* [WHAT IS REQUIRED]:
Please give back the listing exactly, without any of its pictures.

SUPPLIED MATERIAL Start Marker

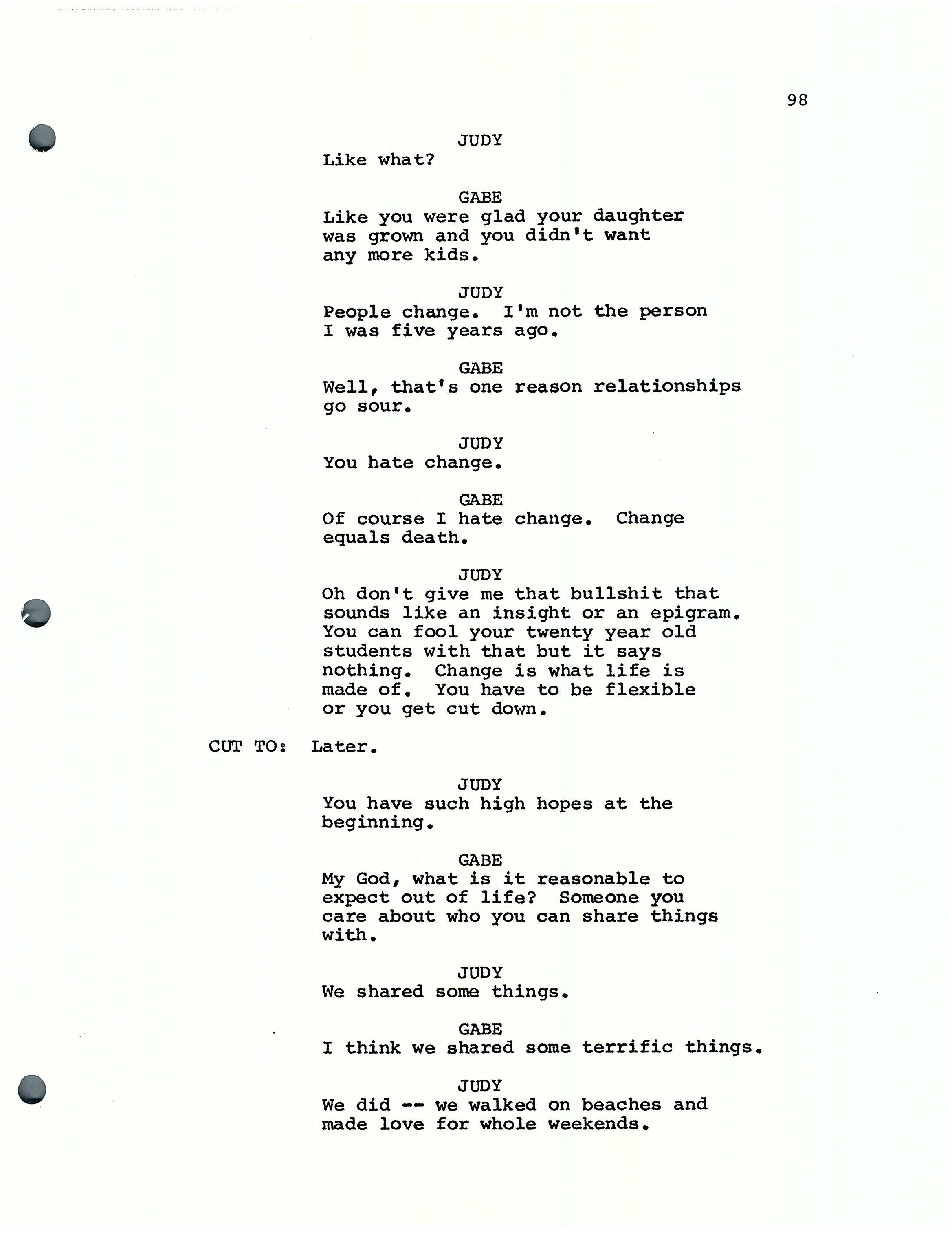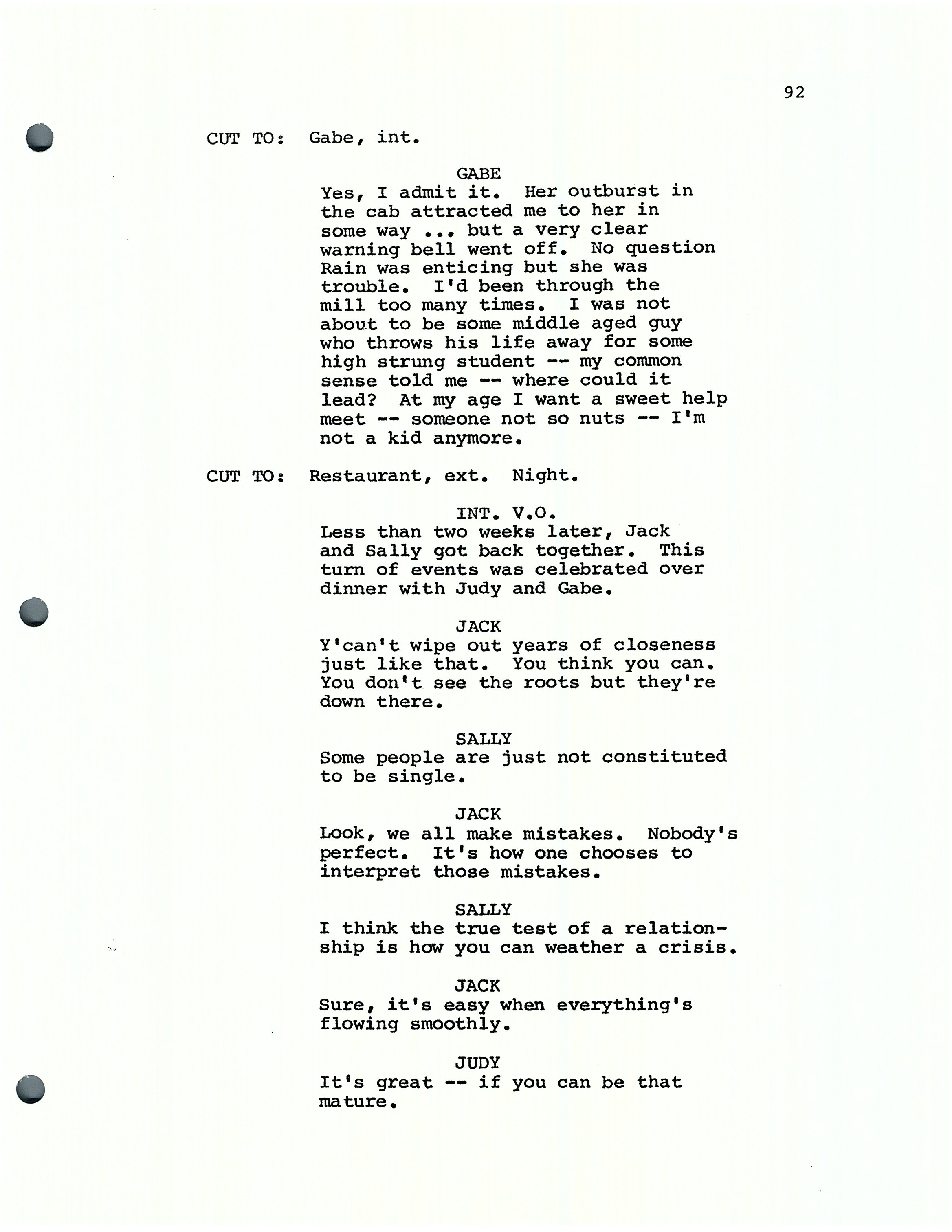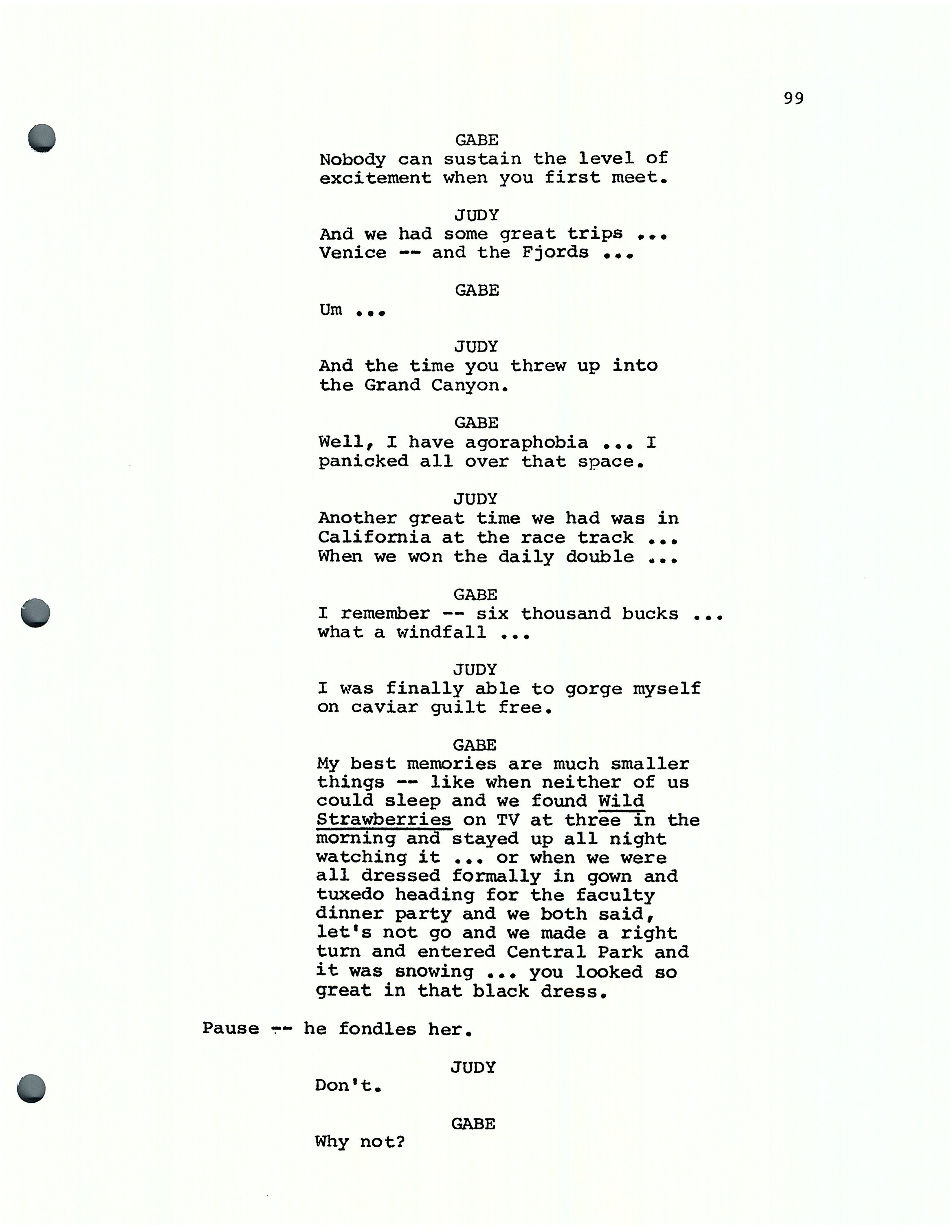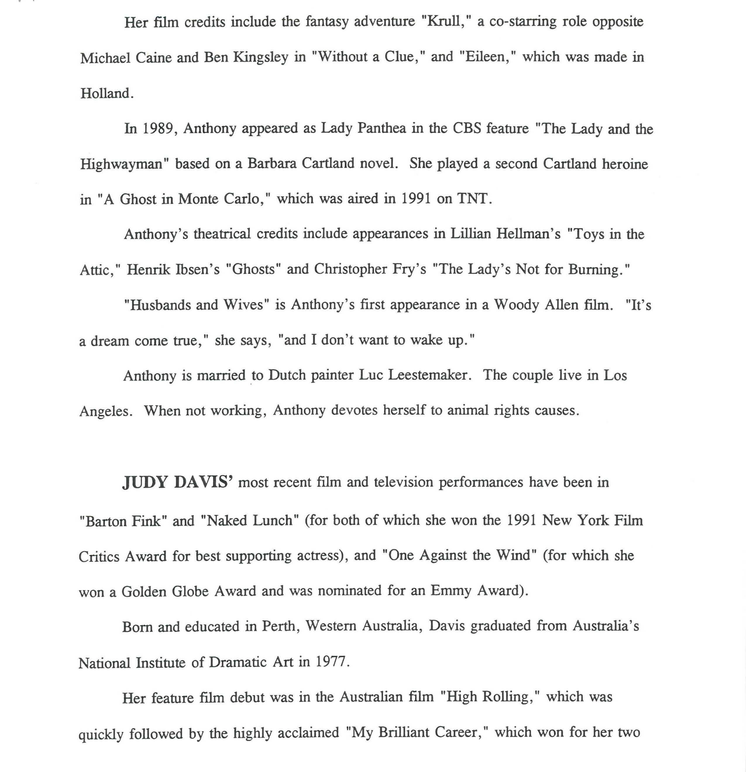 As he has in many of his previous films, Allen blends his comedic and dramatic styles in HUSBANDS AND WIVES. The film explores with irony and humor themes Allen has been concerned with over the years -- contemporary relationships, commitment, change and resistance to change, disruption and regeneration, and the many facets and complexities of the human heart.
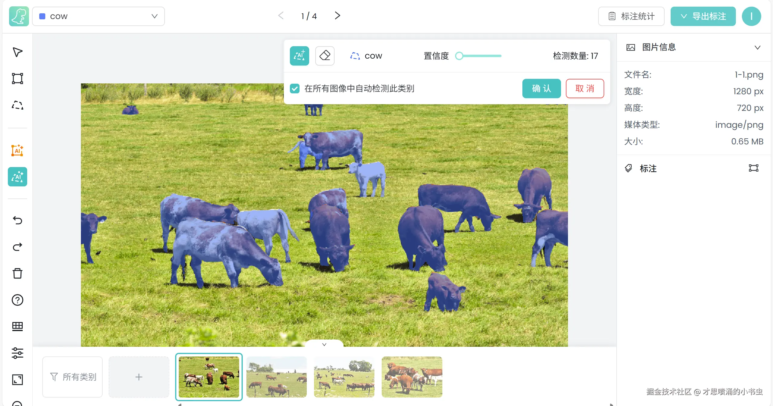 然后平台会自动标注当前图片中所有的目标,给出标注的目标数量,并等待确认:
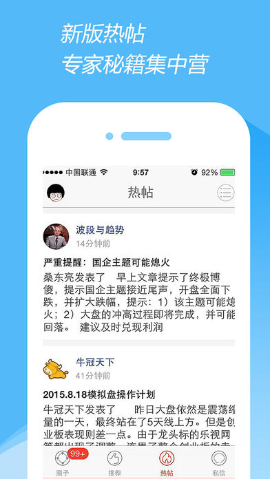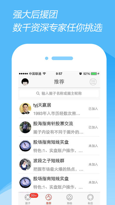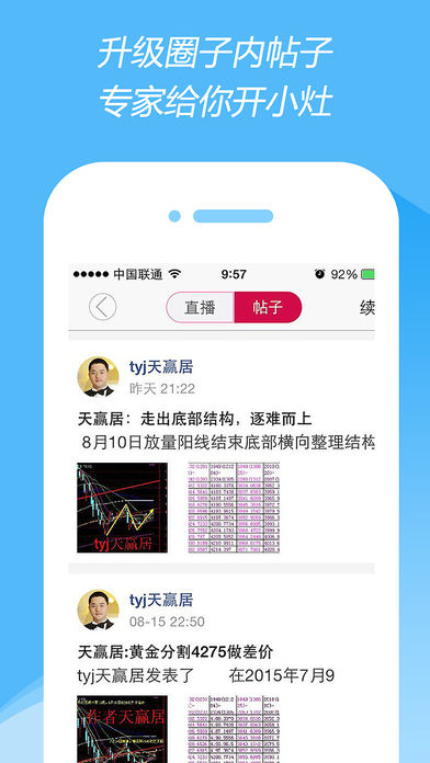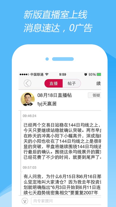 数千专家每个交易日股市直播,指点迷津。天赢居,股海指南针,天津股侠,少爷团队顾问等知名专家悉数登场,为你征战股市。 专家直播室消息实时推送,轻松跟随。直播室中只有你和专家的发言,轻松无干扰。直播室私信提问,隐私保障。 中金在线手机网:http://3g.cnfol.com/

SUPPLIED MATERIAL End Marker

* [EXERCISE RESULT]:
 As he has in many of his previous films, Allen blends his comedic and dramatic styles in HUSBANDS AND WIVES. The film explores with irony and humor themes Allen has been concerned with over the years -- contemporary relationships, commitment, change and resistance to change, disruption and regeneration, and the many facets and complexities of the human heart.
 然后平台会自动标注当前图片中所有的目标,给出标注的目标数量,并等待确认:
 数千专家每个交易日股市直播,指点迷津。天赢居,股海指南针,天津股侠,少爷团队顾问等知名专家悉数登场,为你征战股市。 专家直播室消息实时推送,轻松跟随。直播室中只有你和专家的发言,轻松无干扰。直播室私信提问,隐私保障。 中金在线手机网:http://3g.cnfol.com/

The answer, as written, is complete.